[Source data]
============================================================
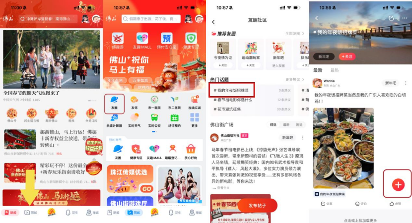 即日起,在佛山+客户端带话题 #我的年夜饭招牌菜 发帖,晒出你家的“镇桌大菜”!无论是传承多年的经典年菜,还是为马年特别研制的新春创意,我们都坐等围观你家的团圆滋味!
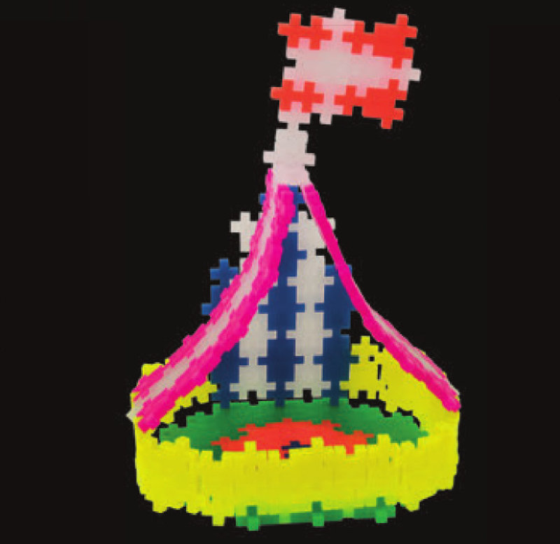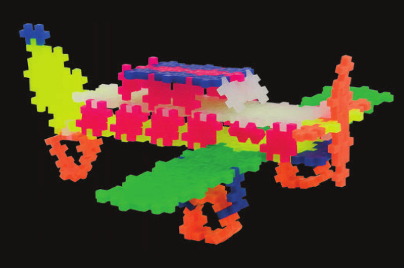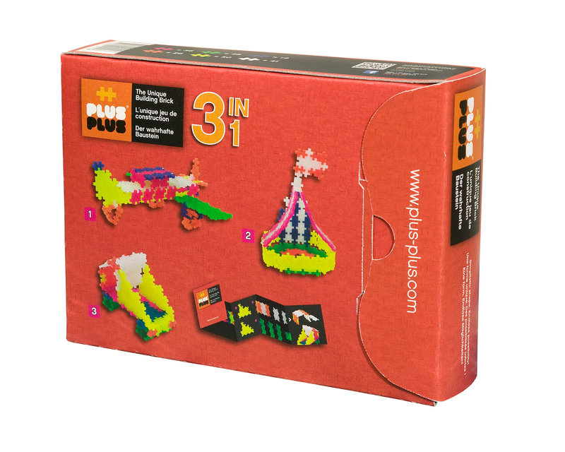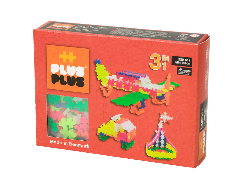 Das 3-in-1-Set mit 220 Neon-Teilen ermöglicht drei weitere Plus-Plus-Modelle. Mit diesen Teilen können Sie ein Propellerflugzeug, ein Zirkuszelt und einen kleinen Transporter bauen.
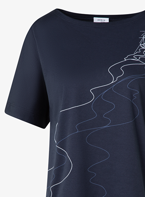 Shirt marine met print zee en zeilbootjes
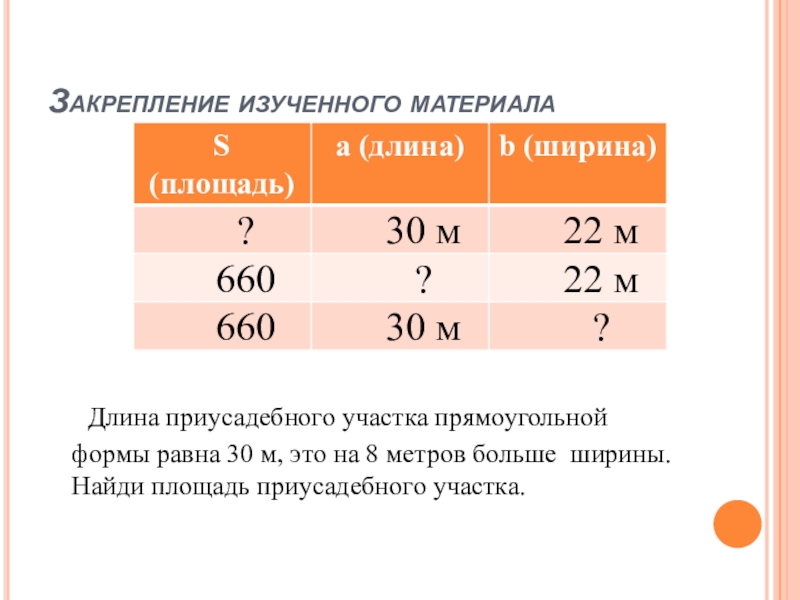 Закрепление изученного материалаРабота над задачами		Длина приусадебного участка прямоугольной формы равна 30 м, это на 8 метров больше
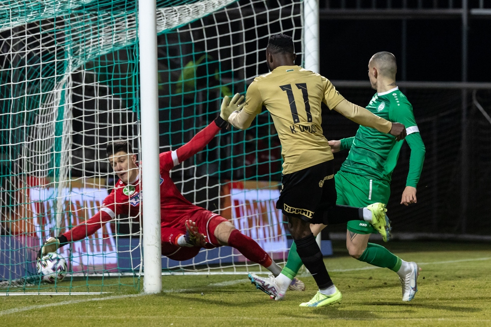 Letámad a Fradi, Traoré szerel, R. Mmaee ballal nem sokkal lő a jobb alsó sarok mellé 20-ról, picit jobbról.
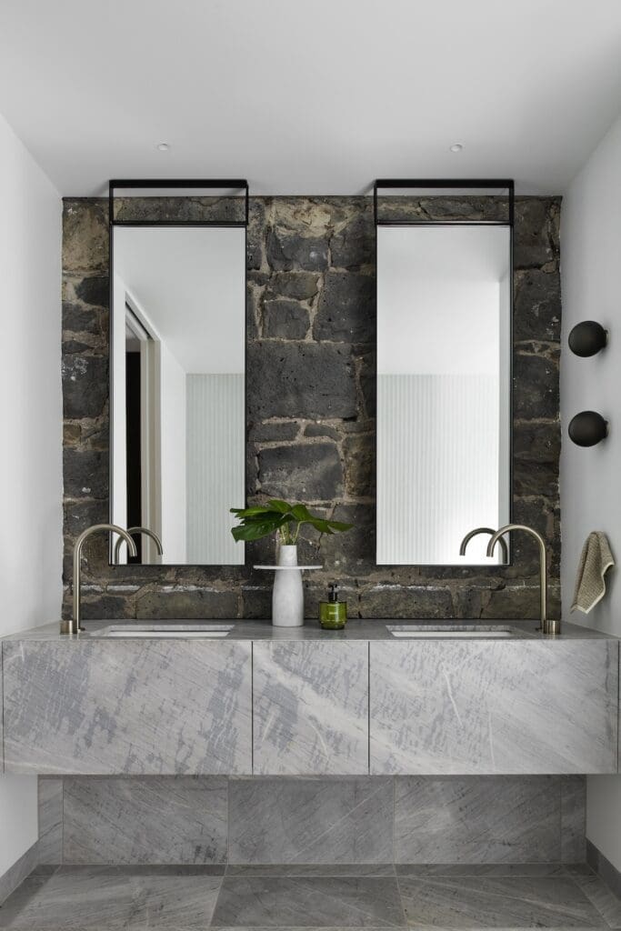 “The design thoughtfully weaves the home’s bluestone legacy throughout. From the dramatic exposed stone wall in the master ensuite, to textural echoes in other spaces like the loft-style bedroom.
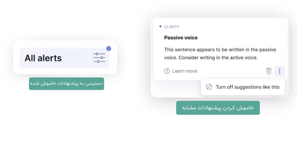 توجه: دقت کنید که اگر نوع خاصی از پیشنهاد را در Grammarly Editor غیرفعال کنید، در سایر برنامه های Grammarly ، مثل نسخه موبایل یا افزونه های word یا chrome نیز غیرفعال خواهد شد.
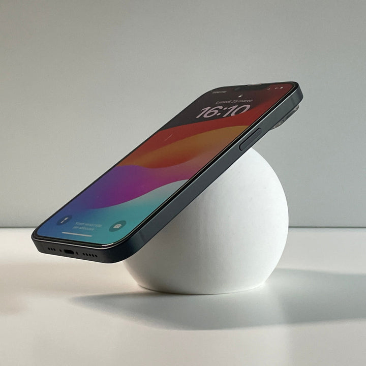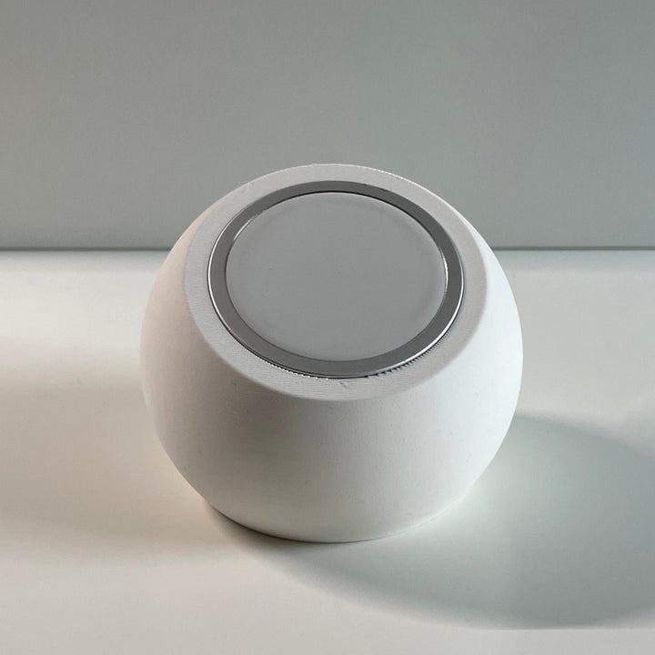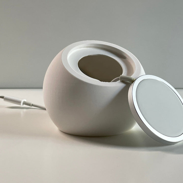 MagSafe-Ladestation-Sphäre für Apple-Produkte. Diese sphärische Ladestation dient zur Integration des MagSafe-Ladegeräts und des Apple-Ladekabels. Die Sphäre wird aus nachhaltigem Kunststoff (PLA) im 3D-Druck hergestellt.
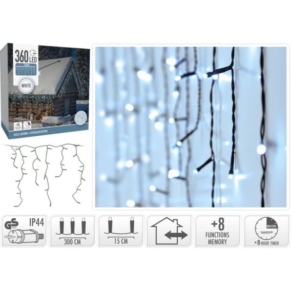 LAMPKI CHOINKOWE KURTYNA ŚWIETLNA ZEW 360 LED STEROWNIK TIMER ZIMNY BIAŁY KABEL TRANSPARENTNY
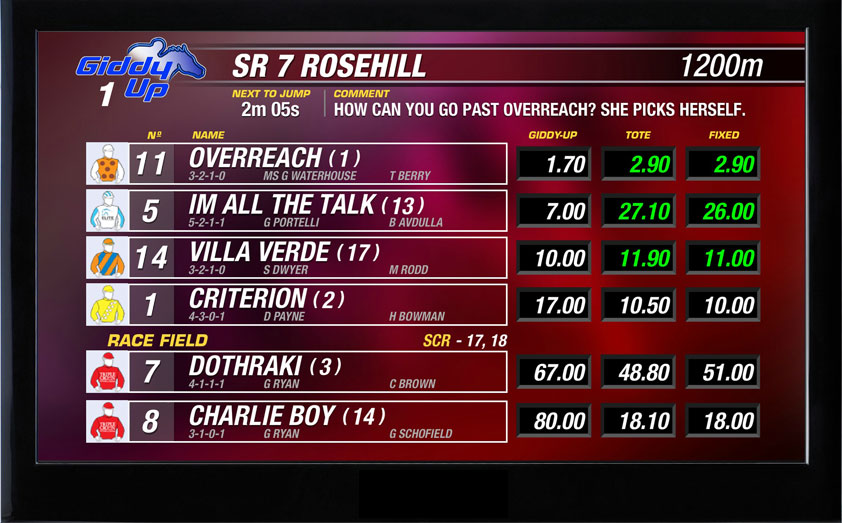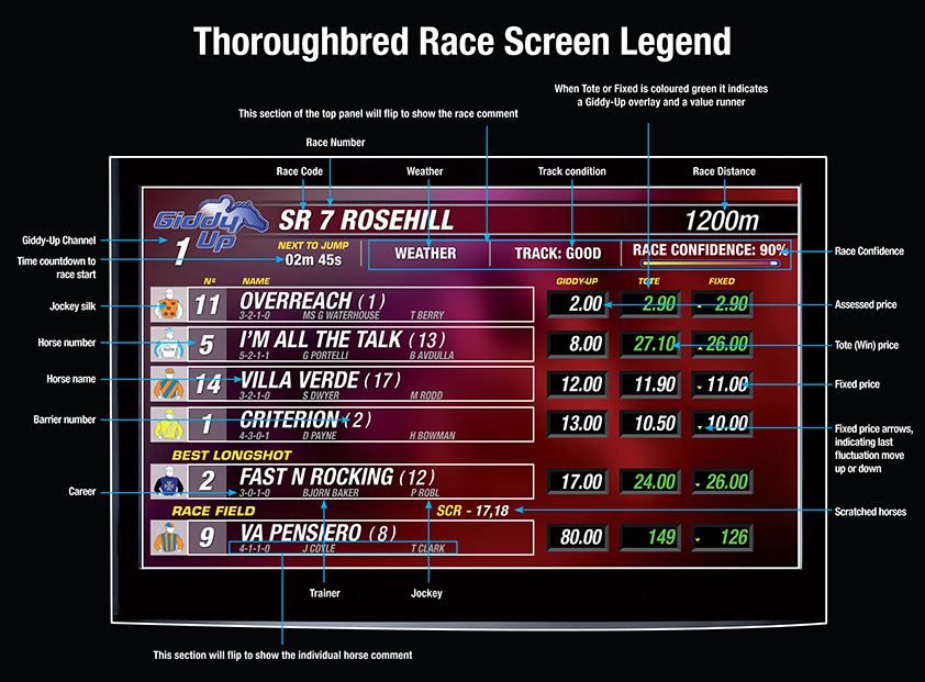 Giddy-Up's Thoroughbred ratings form the backbone of our service. Offering coverage of all Metropolitan racing including Quaddie Guides and a comprehensive selection of Country and Provincial racing.
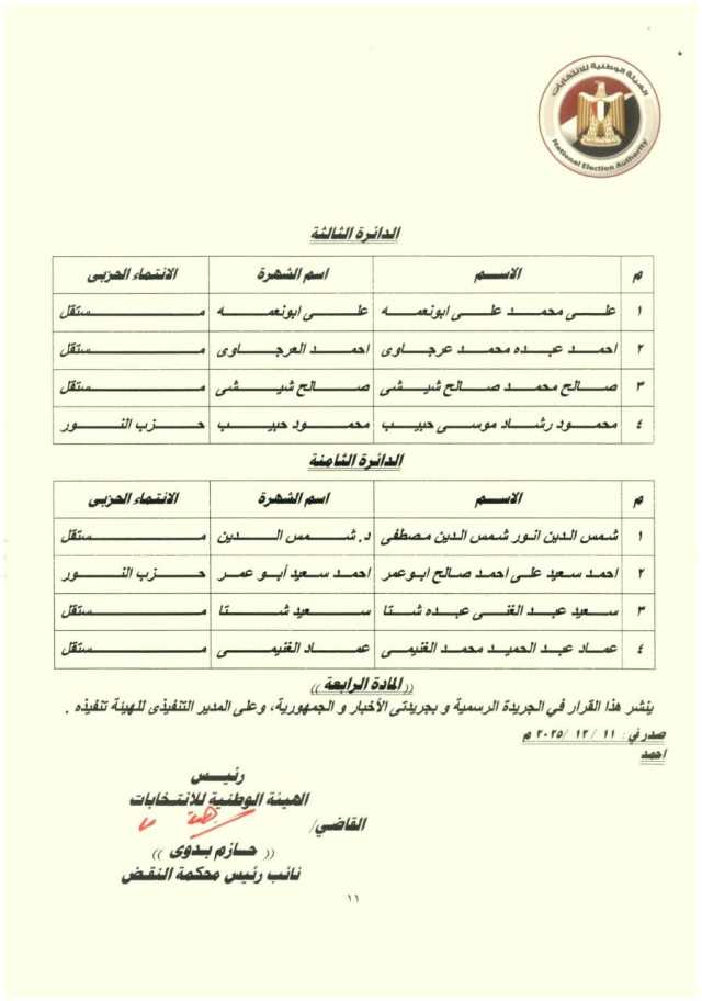 الإعادة بين 4 مرشحين بالدائرة الثامنة إيتاي البارود بالبحيرة وهم: إعادة بين شمس الدين أنور – أحمد سعيد – سعيد عبدالغني – عماد عبدالحميد
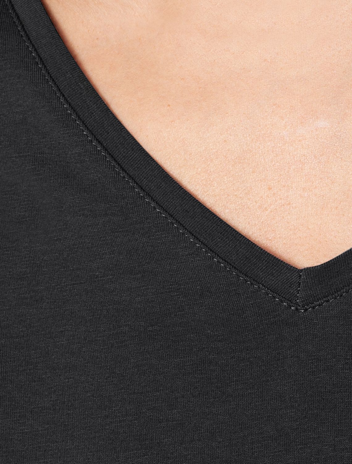 Футболка выполнена из эластичного премиального хлопка. V-вырез стройнит и вытягивает шею. Цельнокроеный рукав – красиво драпируется на плечах. На спинке изделия фирменный логотип бренда. Сочетай футболку с любимыми джинсами, брюками, юбками и шортами и создавай стильные аутфиты, в которых будет комфортно каждый день.
============================================================
PROBLEM TO SOLVE: The lines to copy begin with the one containing "LAMPKI CHOINKOWE KURTYNA" and end with the last line of the entries above; copy them exactly, minus the pictures.

SOLVED PROBLEM:
 LAMPKI CHOINKOWE KURTYNA ŚWIETLNA ZEW 360 LED STEROWNIK TIMER ZIMNY BIAŁY KABEL TRANSPARENTNY
 Giddy-Up's Thoroughbred ratings form the backbone of our service. Offering coverage of all Metropolitan racing including Quaddie Guides and a comprehensive selection of Country and Provincial racing.
 الإعادة بين 4 مرشحين بالدائرة الثامنة إيتاي البارود بالبحيرة وهم: إعادة بين شمس الدين أنور – أحمد سعيد – سعيد عبدالغني – عماد عبدالحميد
 Футболка выполнена из эластичного премиального хлопка. V-вырез стройнит и вытягивает шею. Цельнокроеный рукав – красиво драпируется на плечах. На спинке изделия фирменный логотип бренда. Сочетай футболку с любимыми джинсами, брюками, юбками и шортами и создавай стильные аутфиты, в которых будет комфортно каждый день.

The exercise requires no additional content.